= Beginning of Section =

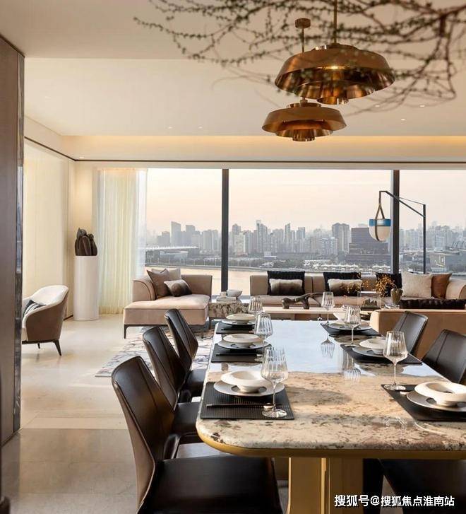 客餐厨顺势衔接、浑然一体,无一丝多余设计,美好生活的理想画卷徐徐展开。窗外高楼林立映江景,涛声阵阵入庭来,在这天然背景中,我们化身生活的主宰,肆意挥洒灵动笔触,为日常添彩。
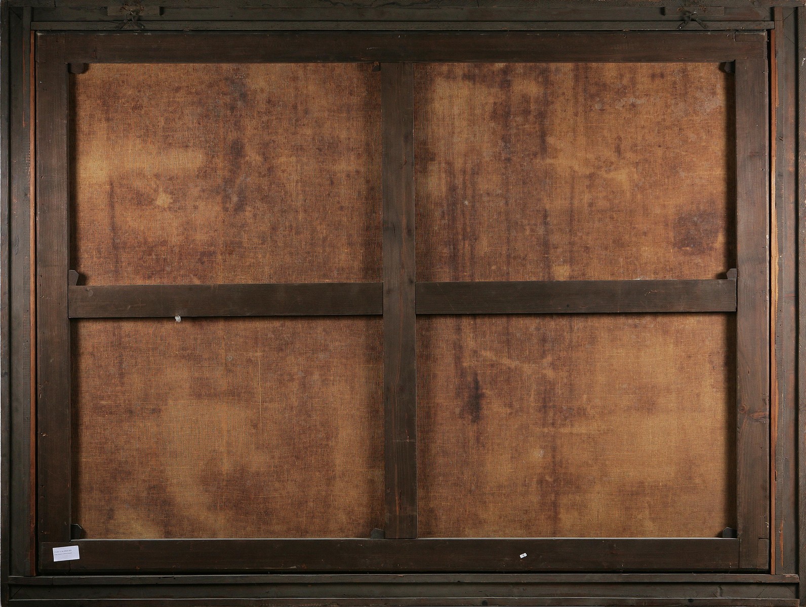 MULIER PIETRO detto CAVALIER TEMPESTA (1637 - 1701) Pastore e fanciulla su un asinello con ponte e abitazioni sullo sfondo. Olio su tela. Cm 180x200. Monogramma in basso a sinistra. Opera con certificato di esportazione - Export licence provided
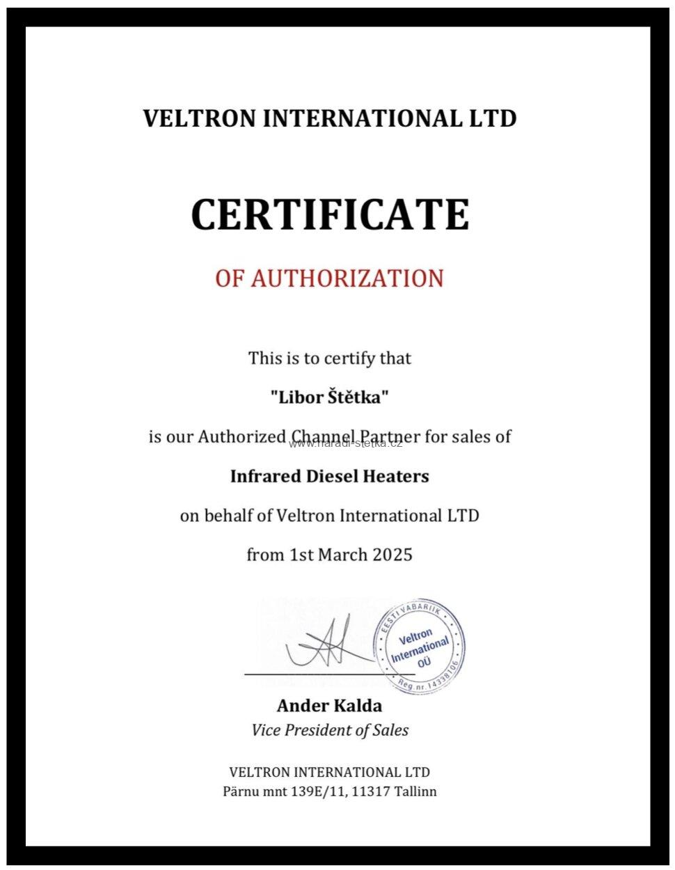 - Jsme výhradní dovozci a autorizovaní prodejci infračervených naftových topidel Veltron Hipers
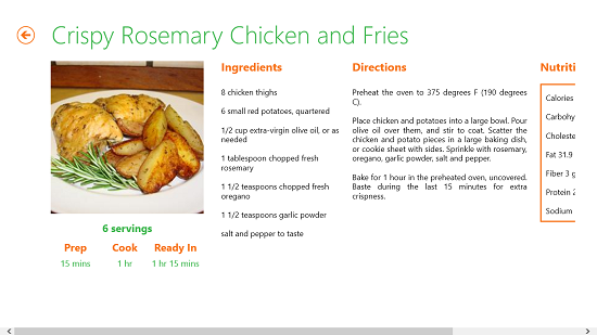 RecipeBook is a free recipe book app for Windows 8 and 8.1 to add recipes and view them. You can add recipes from different URLs into the app, and keep your favorite recipes there. The app supports adding recipes from AllRecipes.com, Epicurious.com, Bonappetit.com, Bigoven.com and Foodnetwork.com. You can choose from a large database of recipes that you can look up and then make a collection inside the RecipeBook app.
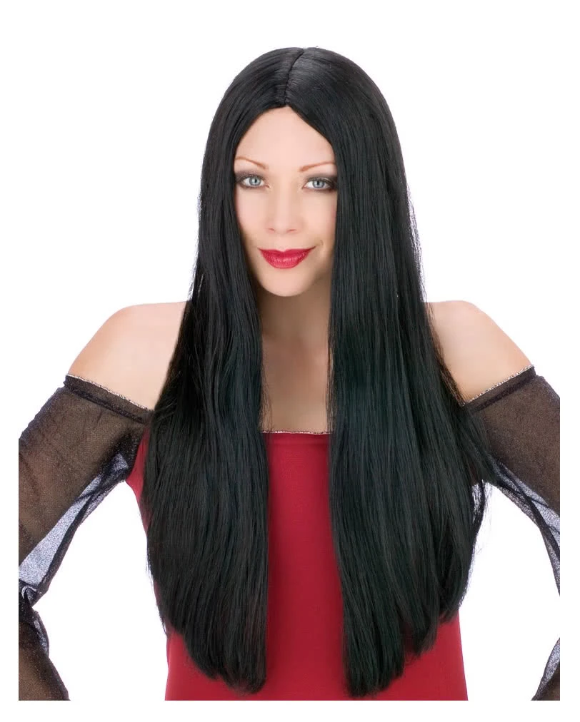 Die schwarze Langhaar Perücke aus Kunsthaar hat unzählige Einsatzmöglichkeiten, angefangen von Charakteren wie Morticia, die böse Fee, Hexen und Vampirbräute über Cher, gibt es kaum ein Kostüm das durch diese Kunsthaarperücke nicht aufgewertet werden kann. Die schwarze Langhaar Perücke ist perfekt um damit Halloween und Karneval zu erleben und sich damit in eine andere Person zu verwandeln. Mit der schwarze Langhaar Perücke kann selbst die giftigste Hexe vor Neid erblassen!

= End of Section =

Exercise description
Every line between the start of the listing and the line containing "- Jsme výhradní", both ends counted, needs to be printed exactly, minus the pictures.

Solution
 客餐厨顺势衔接、浑然一体,无一丝多余设计,美好生活的理想画卷徐徐展开。窗外高楼林立映江景,涛声阵阵入庭来,在这天然背景中,我们化身生活的主宰,肆意挥洒灵动笔触,为日常添彩。
 MULIER PIETRO detto CAVALIER TEMPESTA (1637 - 1701) Pastore e fanciulla su un asinello con ponte e abitazioni sullo sfondo. Olio su tela. Cm 180x200. Monogramma in basso a sinistra. Opera con certificato di esportazione - Export licence provided
 - Jsme výhradní dovozci a autorizovaní prodejci infračervených naftových topidel Veltron Hipers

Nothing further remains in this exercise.